IDOC noted that prison officials at the Idaho Maximum Security Institution outside Kuna, where Pizzuto is housed, served him the death warrant just before noon on Friday. Labrador’s press release about obtaining a new death warrant for Pizzuto was emailed to news outlets at 11:12 a.m.
It is unclear what, if anything, has changed in that execution drug procurement process since the last time the state tried to execute Pizzuto. State prisons director Josh Tewalt told the agency’s board in December that officials have been unable to acquire the drugs to execute an inmate.
“While our efforts to secure chemicals remain ongoing, I have no reason to believe our status will change prior to the scheduled execution,” Tewalt wrote to the state prison’s board at that time. “In my professional judgment, I believe it is in the best interest of justice to allow the death warrant to expire and stand down our execution preparation.”

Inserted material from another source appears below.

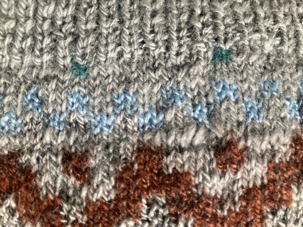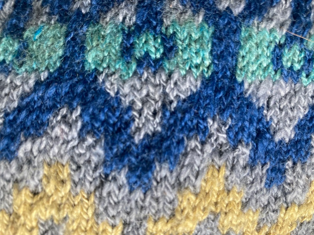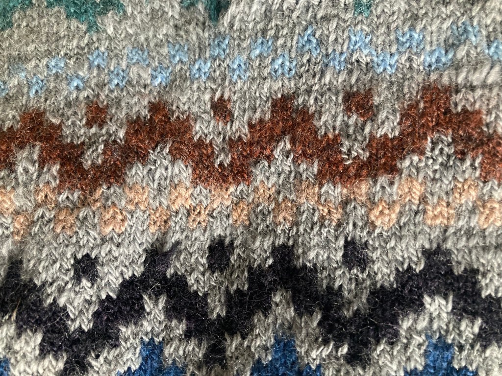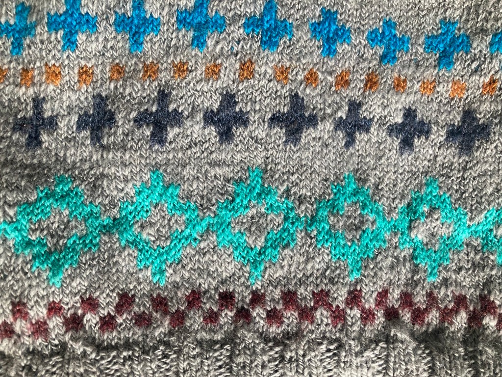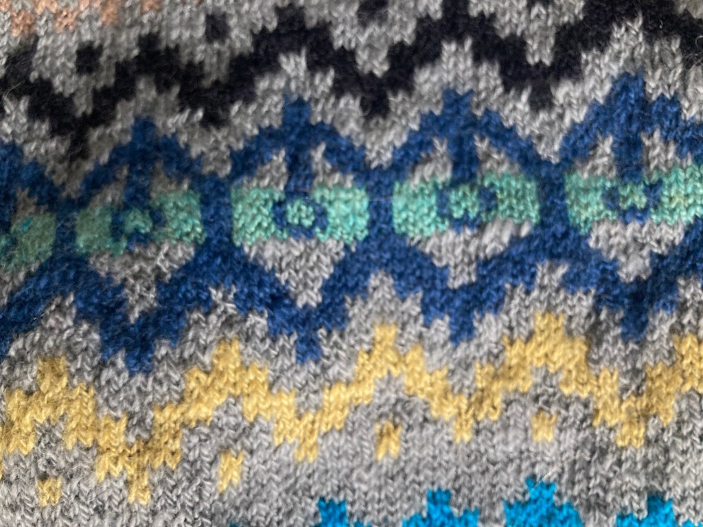 It was fun to knit – the design kept me engaged, not just following the pattern chart but also ensuring the strands of yarn floated at the back weren’t pulled too tight.

Bill would allow firing squad executions
State Rep. Bruce Skaug, R-Nampa, a former Ada County deputy prosecutor, introduced on Wednesday a bill that would restore use of a firing squad as a backup method of execution. The attorney general’s office helped author the bill, spokesperson Emily Kleinworth told the Statesman on Thursday, and Labrador was “personally involved,” she said.
On Friday, Labrador emphasized his hope that Idaho lawmakers would pass House Bill 186. The proposed legislation has yet to receive a hearing date in the House Judiciary, Rules and Administration Committee, which Skaug chairs. If the firing squad bill advances with a majority from that 18-member committee, it would move on to the House floor for an initial vote.
“We hope the Legislature will also consider giving the state an alternative method of execution,” Labrador said in the statement.
Gov. Brad Little would entertain signing the bill, if passed by the Legislature, a spokesperson for the Republican governor, told the Statesman on Thursday.
“Gov. Little supports capital punishment and will continue to support policies adopted by the Legislature that enable the state of Idaho to successfully and constitutionally carry out the death penalty,” Madison Hardy, Little’s spokesperson, said by email.
The nonprofit Federal Defender Services of Idaho, which represents Pizzuto, lambasted the latest attempt to execute its client, and questioned the intent behind Labrador seeking Pizzuto’s death warrant.
“We are devastated and horrified that the state would once again seek a death warrant for Mr. Pizzuto without having any of the chemicals necessary to carry out his execution,” Deborah Czuba, supervising attorney of the nonprofit’s unit that oversees death penalty cases, said in a statement. “After the prior two execution warrants, it does not make sense.
“We find the timing of the warrant particularly curious, given that it was sought by Attorney General Labrador while he advocates for a new law that would bring back the firing squad as a method of execution in Idaho,” Czuba added.